= Beginning of Section =

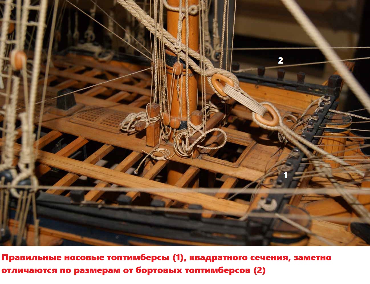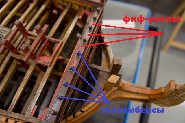 Что нам важно для переделки? Амати здесь накосячила с носовыми топтимберсами и носовым фиф-реельсом, расположенными наверху переборки.
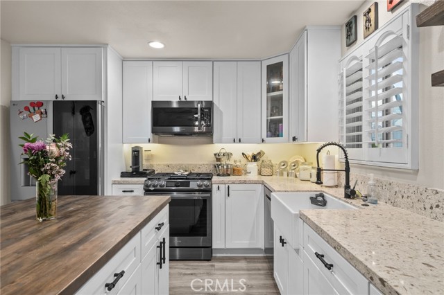 Welcome to this beautifully maintained 3-bedroom, 2.5-bath condo nestled in the highly desirable city of Placentia. With charming curb appeal, a cute front porch, and manicured landscaping maintained by the HOA, this home offers easy living in a picturesque community. Step inside to find plantation shutters and an inviting open layout featuring a spacious family room and dining area complete with a cozy fireplace. Sliding glass doors provide natural light and lead out to the private backyard, creating a seamless indoor-outdoor flow perfect for everyday living and entertaining. The recently remodeled kitchen is a standout, showcasing quartz countertops, white shaker cabinetry, and a generous kitchen island. Open to the breakfast nook/dining area, this space offers both style and functionality, ideal for gatherings or casual meals. A convenient powder bathroom is located on the main floor. Upstairs, the primary suite provides a comfortable retreat with its own private bathroom. Two additional bedrooms and a full bathroom complete the upper level, offering flexibility for family, guests, or a home office. The backyard features a covered patio, artificial turf, and a paved cement area—designed for low-maintenance enjoyment year-round. A two-car garage with alley access adds convenience and privacy. Residents enjoy a beautifully maintained HOA community with access to a sparkling pool, relaxing spa, and barbecue area—perfect for enjoying Southern California living at its finest. The roof was replaced in 2020, and the exterior was freshly painted last year, offering added peace of mind and pride of ownership.
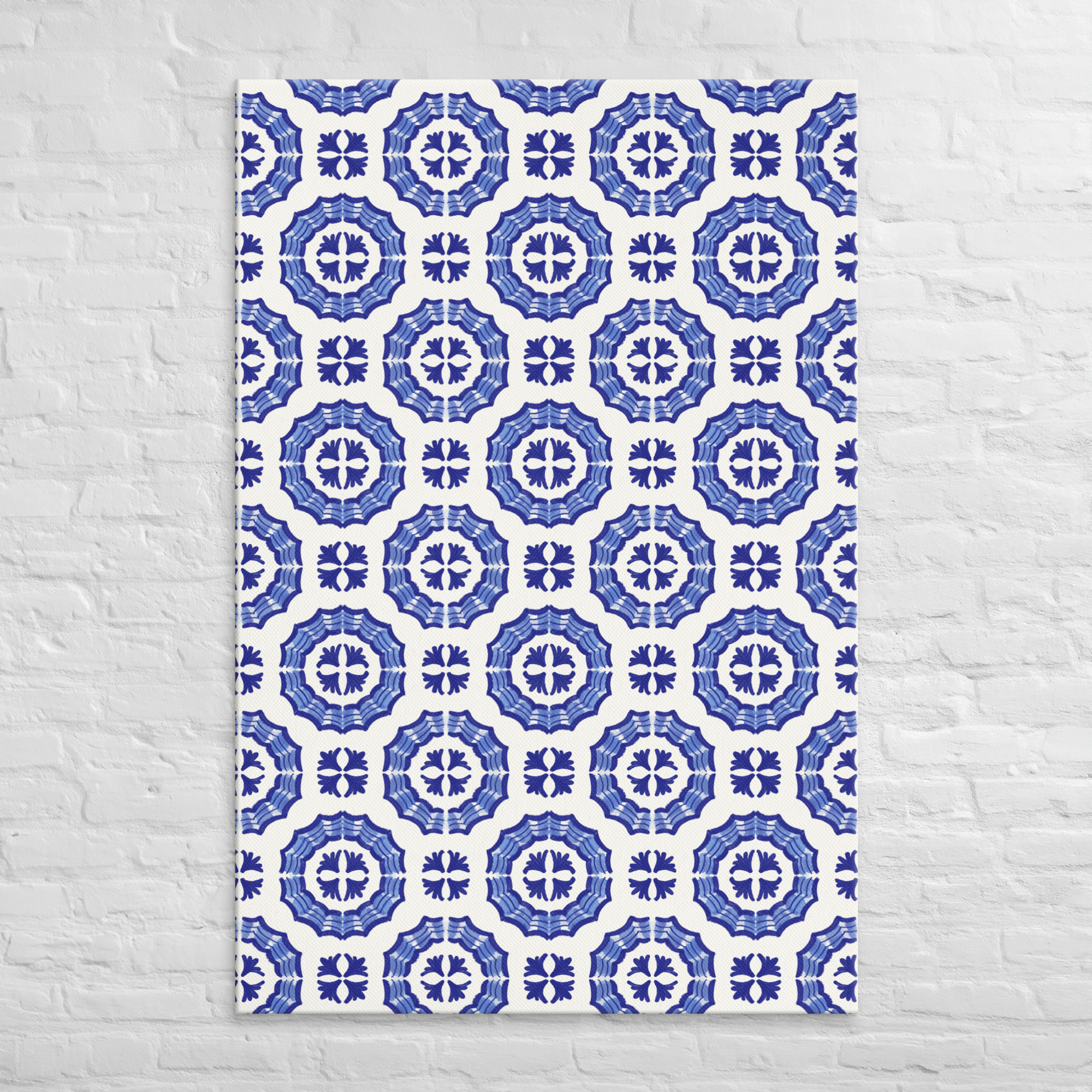 Large Panel Canvas 40″ x 60″ // Cobalt Circles Traditional Tunisian Tile Design
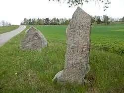 Erik Brate noted that the runestone lacks a Christian cross[4] and read the last runes as siþi þur, which he interpreted as Siði Þorr,[4][2][3] "Thor, make it right" meaning "May Thor safeguard".[2] The verb has also been taken as a reference to seiðr, that is, "May Thor work magic", with the same intention.[5] Brate interpreted the runic cross as a pagan statement against the newly arrived Christian faith,[4] and this has led to the stone becoming one of the most commonly cited runic inscriptions in popular science publications.[3] The inscription has been discussed by scholars such as Henrik Williams (1996) and Anders Hultgård (1992, 1998), but in spite of the fact that Elias Wessén (1935) considered it untenable, the interpretation was not seriously challenged until 2010.[3] A more recent interpretation reads the runes as "in Sweden" instead.
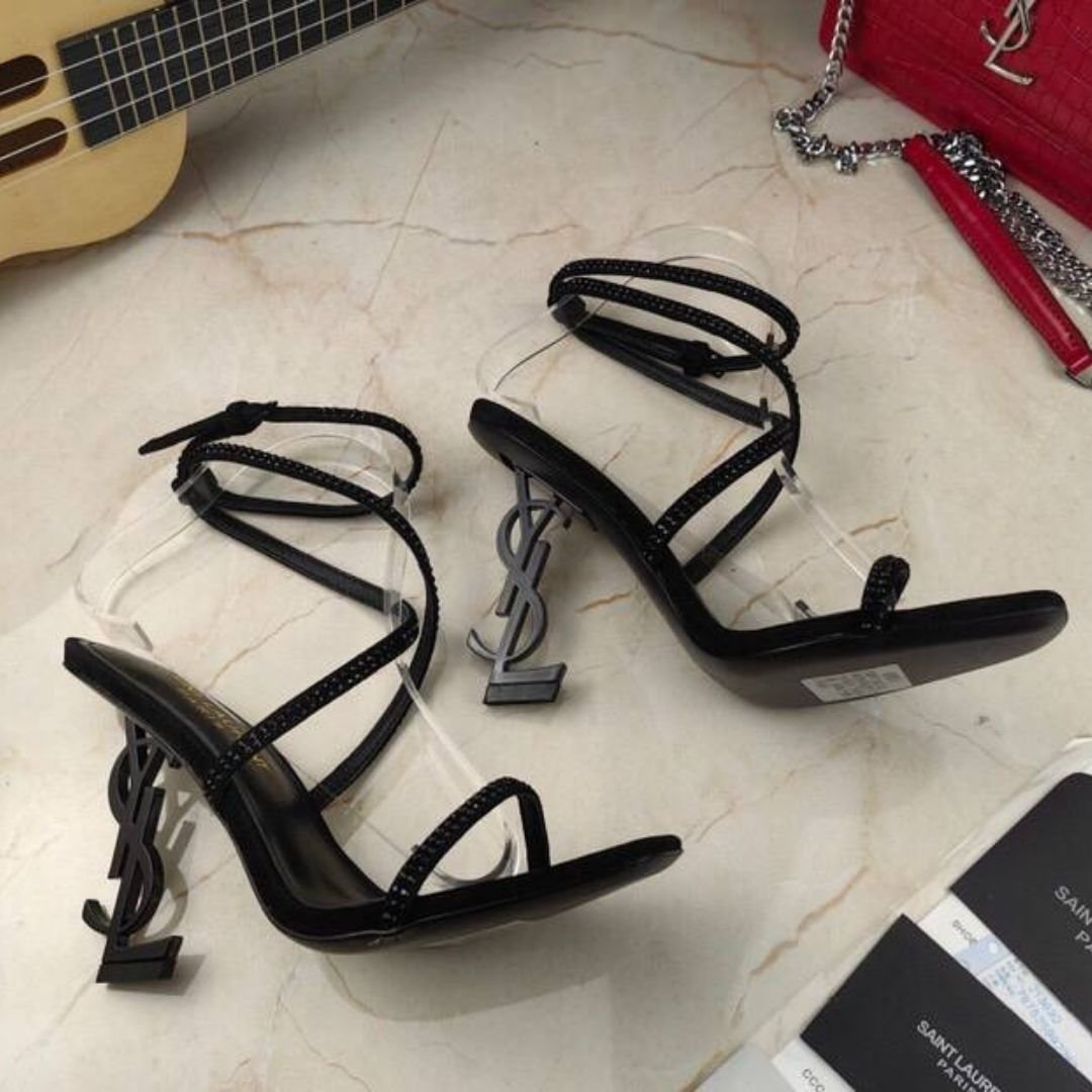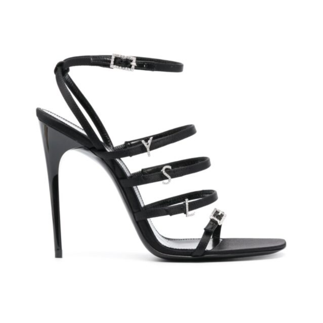 Dettagli:● Materiale: Pelle e strass● Colore: Nero● Chiusura: Cinturino alla caviglia con chiusura a gancio● Logo: Tacco scultura YSL nero●
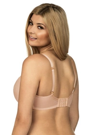 Biustonosz miękki Lupoline 137 w beżowym kolorze i gładkim wykończeniu, to doskonałe połączenie elegancji i komfortu. Wysoki mostek i boczne fiszbiny zapewniają optymalne wsparcie. Elementy haftu uzupełniają estetykę biustonosza, a kokardka między miseczkami dodaje mu uroku.
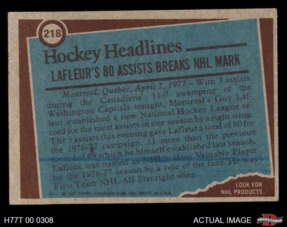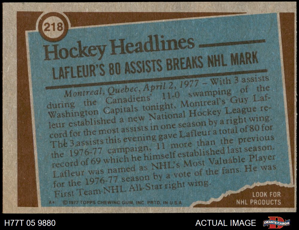 1977 Topps #218 Record Breaker - Most Assists - Season - Right Wing
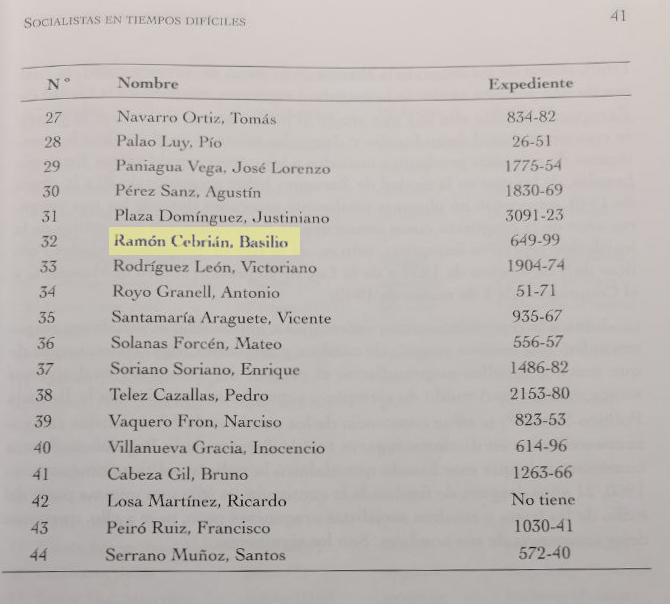 En la página 41 del libro viene una lista de miembros del PSOE que fueron condenados a pena de muerte o mas de 30 años. En la posición número 32 se nombra a Basilio Ramón Cebrián y su expediente político 649-99.

= End of Section =

Set down the entries above exactly; no pictures belong in the copy.

 Что нам важно для переделки? Амати здесь накосячила с носовыми топтимберсами и носовым фиф-реельсом, расположенными наверху переборки.
 Welcome to this beautifully maintained 3-bedroom, 2.5-bath condo nestled in the highly desirable city of Placentia. With charming curb appeal, a cute front porch, and manicured landscaping maintained by the HOA, this home offers easy living in a picturesque community. Step inside to find plantation shutters and an inviting open layout featuring a spacious family room and dining area complete with a cozy fireplace. Sliding glass doors provide natural light and lead out to the private backyard, creating a seamless indoor-outdoor flow perfect for everyday living and entertaining. The recently remodeled kitchen is a standout, showcasing quartz countertops, white shaker cabinetry, and a generous kitchen island. Open to the breakfast nook/dining area, this space offers both style and functionality, ideal for gatherings or casual meals. A convenient powder bathroom is located on the main floor. Upstairs, the primary suite provides a comfortable retreat with its own private bathroom. Two additional bedrooms and a full bathroom complete the upper level, offering flexibility for family, guests, or a home office. The backyard features a covered patio, artificial turf, and a paved cement area—designed for low-maintenance enjoyment year-round. A two-car garage with alley access adds convenience and privacy. Residents enjoy a beautifully maintained HOA community with access to a sparkling pool, relaxing spa, and barbecue area—perfect for enjoying Southern California living at its finest. The roof was replaced in 2020, and the exterior was freshly painted last year, offering added peace of mind and pride of ownership.
 Large Panel Canvas 40″ x 60″ // Cobalt Circles Traditional Tunisian Tile Design
 Erik Brate noted that the runestone lacks a Christian cross[4] and read the last runes as siþi þur, which he interpreted as Siði Þorr,[4][2][3] "Thor, make it right" meaning "May Thor safeguard".[2] The verb has also been taken as a reference to seiðr, that is, "May Thor work magic", with the same intention.[5] Brate interpreted the runic cross as a pagan statement against the newly arrived Christian faith,[4] and this has led to the stone becoming one of the most commonly cited runic inscriptions in popular science publications.[3] The inscription has been discussed by scholars such as Henrik Williams (1996) and Anders Hultgård (1992, 1998), but in spite of the fact that Elias Wessén (1935) considered it untenable, the interpretation was not seriously challenged until 2010.[3] A more recent interpretation reads the runes as "in Sweden" instead.
 Dettagli:● Materiale: Pelle e strass● Colore: Nero● Chiusura: Cinturino alla caviglia con chiusura a gancio● Logo: Tacco scultura YSL nero●
 Biustonosz miękki Lupoline 137 w beżowym kolorze i gładkim wykończeniu, to doskonałe połączenie elegancji i komfortu. Wysoki mostek i boczne fiszbiny zapewniają optymalne wsparcie. Elementy haftu uzupełniają estetykę biustonosza, a kokardka między miseczkami dodaje mu uroku.
 1977 Topps #218 Record Breaker - Most Assists - Season - Right Wing
 En la página 41 del libro viene una lista de miembros del PSOE que fueron condenados a pena de muerte o mas de 30 años. En la posición número 32 se nombra a Basilio Ramón Cebrián y su expediente político 649-99.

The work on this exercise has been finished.